If you want to learn more about the public metadata API, you can find [extensive documentation](https://ega-archive.org/discovery/metadata/public-metadata-api/) at the EGA website.


## 1. Import required packages

Let's start by importing the third-party packages [pandas](https://pandas.pydata.org) and [requests](https://requests.readthedocs.io/en/latest/):


In [None]:
import pandas as pd
import requests

## 2. Create a client

Next, we will create a client that allows us make requests to the API endpoints, as well as handling the responses. The client is contained within a single class called `EGAClient`. This class has two methods for fetching data: `get_entity()` and  `get_related_entities()`. These methods are generic in the sense that they can be used to fetch different types of metadata objects from EGA (for example datasets, studies, runs and policies).

In [None]:
class EGAClient:
    def __init__(self, base_url='https://metadata.ega-archive.org'):
        self.base_url = base_url

    def _get(self, endpoint, params=None):
        url = f'{self.base_url}/{endpoint}'
        response = requests.get(url, params=params)
        response.raise_for_status()
        return response.json()

    def get_entity(self, entity_type, accession_id=None, limit=None, 
                   offset=None):
        params = {}
        endpoint = entity_type
        if accession_id:
            endpoint += f'/{accession_id}'
        if limit is not None:
            params['limit'] = limit
        if offset is not None:
            params['offset'] = offset
        return self._get(endpoint, params=params)

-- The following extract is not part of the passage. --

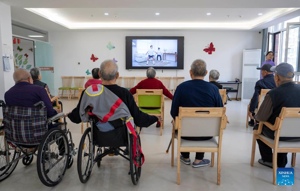 Senior residents do physical exercise at an elderly care center in Rizhao, east China's Shandong Province, Nov. 11, 2024. The city of Rizhao has in recent years been committed to enhancing elderly care services that integrate medical, fitness, and daily care through at-home and community-based facilities. (Xinhua/Cai Yang)

    def get_related_entities(self, entity_type, related_entity_type, 
                             accession_id, limit=None, offset=None):
        params = {}
        endpoint = entity_type
        if accession_id:
            endpoint += f'/{accession_id}/{related_entity_type}'
        if limit is not None:
            params['limit'] = limit
        if offset is not None:
            params['offset'] = offset
        return self._get(endpoint, params=params)


The two methods `get_entity()` and `get_related_entities()` return data in the JSON format, which can be difficult for a human to read. Let's therefore define a small function that transforms JSON data to a pandas dataframe.

In [None]:
def as_dataframe(data_json):
    """Turn JSON into a pandas dataframe"""
    return pd.json_normalize(data_json)

The function above contains only a single line of code and is therefore not really needed. However, if we want to customize the transformation of the JSON data further, we can use this function as a starting point. Also, using the name "as_dataframe" instead of "json_normalize" could arguably make the code more readable in our context.

Let's now try to use the client!

## 3. Use the client

To use the client, we first need to create an instance of the `EGAClient` class.

In [None]:
client = EGAClient()

Once we have the client instance, we can go on and fetch metadata from the API. Below are some examples that you may want to adapt to your own needs.

### Information about a single study

In [None]:
study_id = 'EGAS50000000209'
study = client.get_entity('studies', accession_id=study_id)
as_dataframe(study)

If the Study ID is left out from the API call, all studies in EGA will be returned. Try to not to request more information than you need, since the computational burden on the server may be high. A good practice is to use the `limit` keyword argument to specify the maximum number of records to be returned (more on this later). Also try to avoid making more calls to the API than necessary.

### Information about datasets in a study

In [None]:
study_id = 'EGAS50000000209'
datasets = client.get_related_entities(entity_type='studies', related_entity_type='datasets',
                                       accession_id=study_id)
as_dataframe(datasets)

### Information about samples associated with a dataset

In [None]:
dataset_id = 'EGAD50000000298'
samples = client.get_related_entities(entity_type='datasets', related_entity_type='samples',
                                      accession_id=dataset_id)
as_dataframe(samples)

We can control the number of records that is returned by using the keyword agument `limit`:

In [None]:
dataset_id = 'EGAD50000000298'
samples = client.get_related_entities(entity_type='datasets', related_entity_type='samples', 
                                      accession_id=dataset_id, limit=10)
as_dataframe(samples)

We can also use the `offset` keyword argument to specify the number of records we want to skip before selecting records.

In [None]:
dataset_id = 'EGAD50000000298'
samples = client.get_related_entities(entity_type='datasets', related_entity_type='samples', 
                                      accession_id=dataset_id, limit=10, offset=2)
as_dataframe(samples)